That Evening By The Narmada, Where Devi Ahilyabai Might Have Once Stood

Shefali Vaidya

May 31, 2024, 12:14 PM | Updated 02:54 PM IST

Devi Ahilyabai Holkar
Devi Ahilyabai Holkar
  • There are few moments in life that make you feel as if your life has found its purpose.
  • Namami Devi Narmade  

    Today is the birth anniversary of Punyashlok Ahilyabai Holkar, one of the most iconic Hindu queens of Bharat. At a public event once, someone asked me, "Which woman in Indian history do you consider to be your icon?"  

    It was a profound question. From the women philosophers Gargi and Maitreyi to Rani Lakshmibai, the Queen of Jhansi, there are many women in Indian history who could be seen as icons of women empowerment.  

    But the first mental image that came to my mind in answer to that question was of a frail woman clad in a pristine white nine yard saree with extraordinarily expressive eyes, a woman who lived her entire life only for others.

    This daughter of a simple shepherd from the village of Chaundi in the Jamkhed area of Ahmednagar district caught the eye of Peshwa Bajirao the first, who recognised her potential and recommended her as a prospective daughter-in-law to Malhar Rao Holkar, his trusted friend and aide. Malharrao too recognised young Ahilya’s core of steel as he chose her to be the wife of his only son, Khanderao.

    She came as a shy, young bride to the Indore state in today’s Madhya Pradesh and went on to etch her name into the annals of Bharat’s history — a truly incredible journey.  

    Ahilyabai enjoyed very few days of happiness in her personal life. Her husband Khanderao passed away very early catching a cannonball in the battle of Kumbheri. Ahilyabai was barely 30 years old then. According to the customs of that era, Ahilyabai was prepared to commit sati on her husband’s pyre, but her father-in-law, Malhar Rao Holkar begged her to not do that, reminding her of her duty towards the Indore state and its people.  

    In honour of Malhar Rao’s words, Ahilyabai chose not to commit Sati.
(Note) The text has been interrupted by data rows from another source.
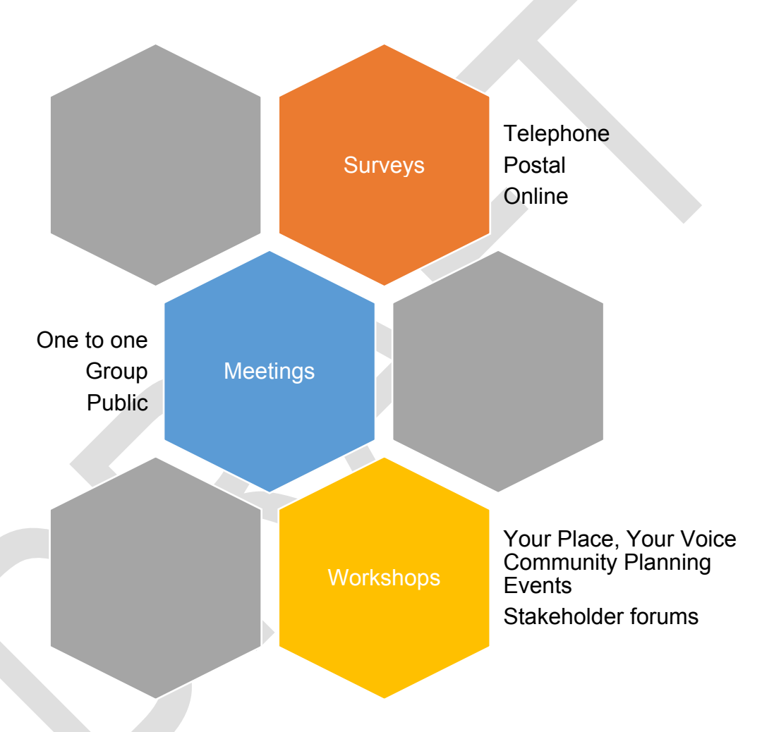
Figure 1 – Consultation techniques

'Your Place, Your Voice' community planning events
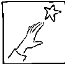
Goal 3: Student Achievement and Citizenship
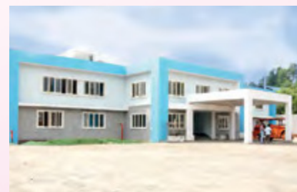
Irapuram Facility, Cochin

She endured much public criticism for it as the public sentiment of the time wasn’t ready to accept such a revolutionary departure from convention.
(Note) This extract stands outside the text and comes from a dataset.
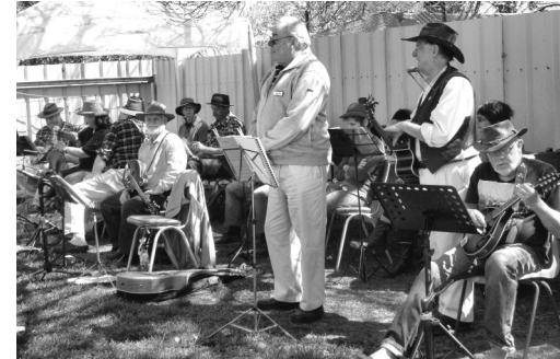
Concert Party at Yeoval

    The life Ahilyadevi led after that was an ascetic’s life!  

    Ahilyadevi witnessed the transitions within the Peshwa regime from the legendary Bajirao Peshwa the first to Narayanrao, she witnessed first-hand, the tragic defeat of the Marathas at the battle of Panipat, she fought the machinations of Raghoba Dada to annex her little kingdom after both Malhar Rao and her son Malerao had died, and she observed with increasing helplessness, the tightening grip of the British East India Company on Bharat.  
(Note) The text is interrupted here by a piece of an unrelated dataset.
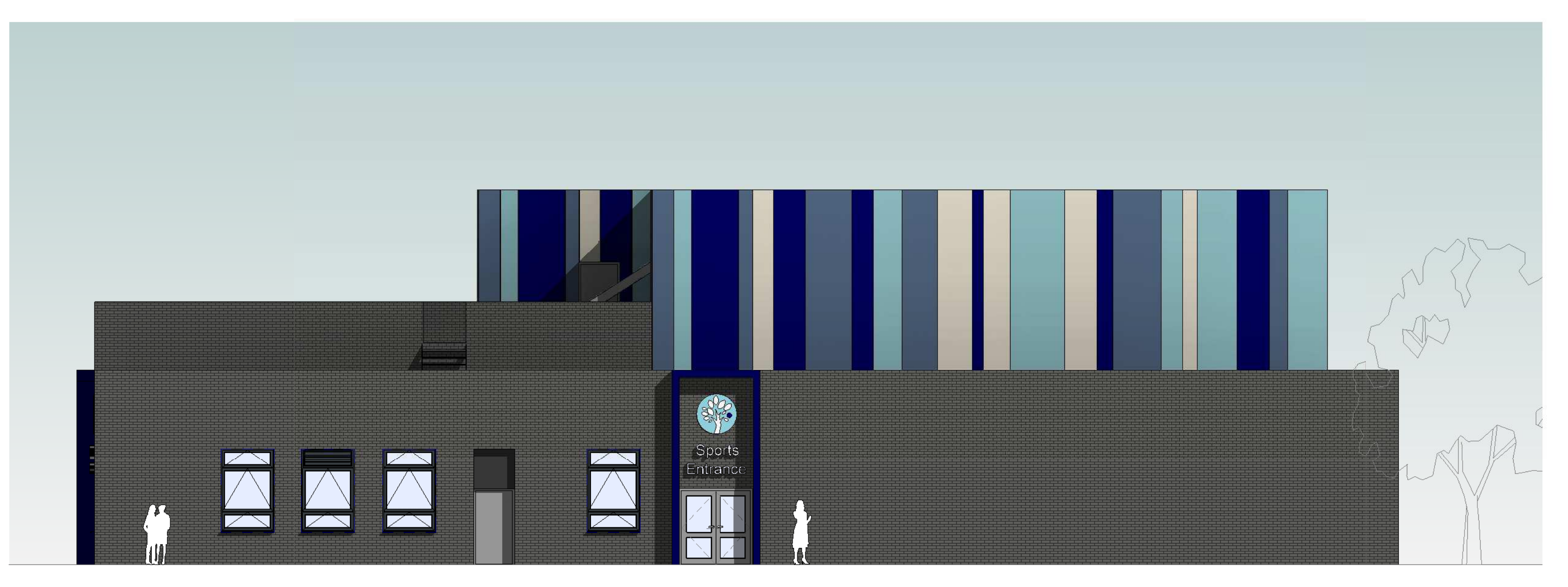
Proposed Sports Block Building Elevation North 1:100

    Amidst all these political upheavals, she not only worked hard to provide justice and prosperity in the small Holkar state but also rebuilt temples destroyed by Muslims across the country as her religious duty, she constructed dharmshalas at places of pilgrimage across Bharat for the poor and needy, built ghats on the rivers and donated money for religious causes, and she did all from her private income, not from the state’s revenue.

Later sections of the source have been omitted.